Data Transformation in Hadoop

By Dirk deRoos

The idea of Hadoop-inspired ETL engines has gained a lot of traction in recent years. After all, Hadoop is a flexible data storage and processing platform that can support huge amounts of data and operations on that data. At the same time, it’s fault tolerant, and it offers the opportunity for capital and software cost reductions.

Despite Hadoop’s popularity as an ETL engine, however, many folks (including a famous firm of analysts) don’t recommend Hadoop as the sole piece of technology for your ETL strategy. This is largely because developing ETL flows requires a great deal of expertise about your organization’s existing database systems, the nature of the data itself, and the reports and applications dependent on it.

In other words, the DBAs, developers, and architects in your IT department would need to become familiar enough with Hadoop to implement the needed ETL flows. For example, a lot of intensive hand coding with Pig, Hive, or even MapReduce may be necessary to create even the simplest of data flows — which puts your company on the hook for those skills if it follows this path.

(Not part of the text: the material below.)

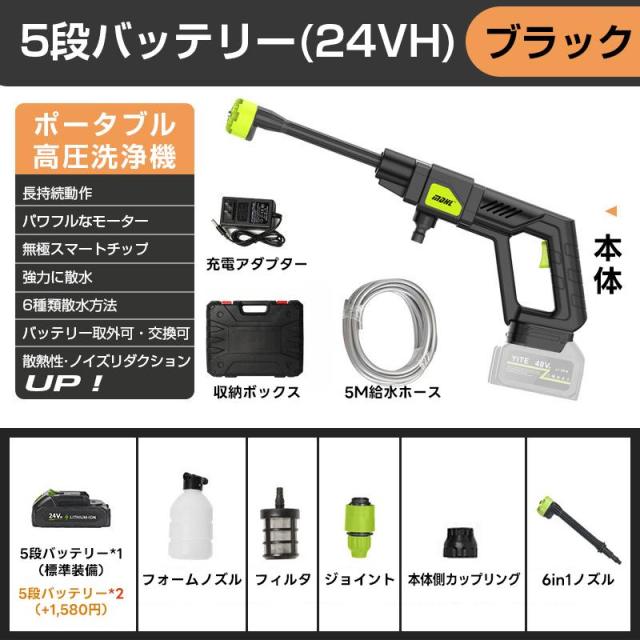 洗浄ガン本体*1、給水ホース*1、バッテリー*1、充電器*1、クイックコネクタ*1、調節ノズル*1、自吸式フィルター*1、バブルポット*1、収納ケース*1

You have to code elements such as parallel debugging, application management services (such as check pointing and error and event handling). Also, consider enterprise requirements such as glossarization and being able to show your data’s lineage.

There are regulatory requirements for many industry standard reports, where data lineage is needed; the reporting organization must be able to show where the data points in the report come from, how the data got to you, and what has been done to the data.

Even for relational database systems, ETL is complex enough that there are popular specialized products that provide interfaces for managing and developing ETL flows. Some of these products now aid in Hadoop-based ETL and other Hadoop-based development. However, depending on your requirements, you may need to write some of your own code to support your transformation logic.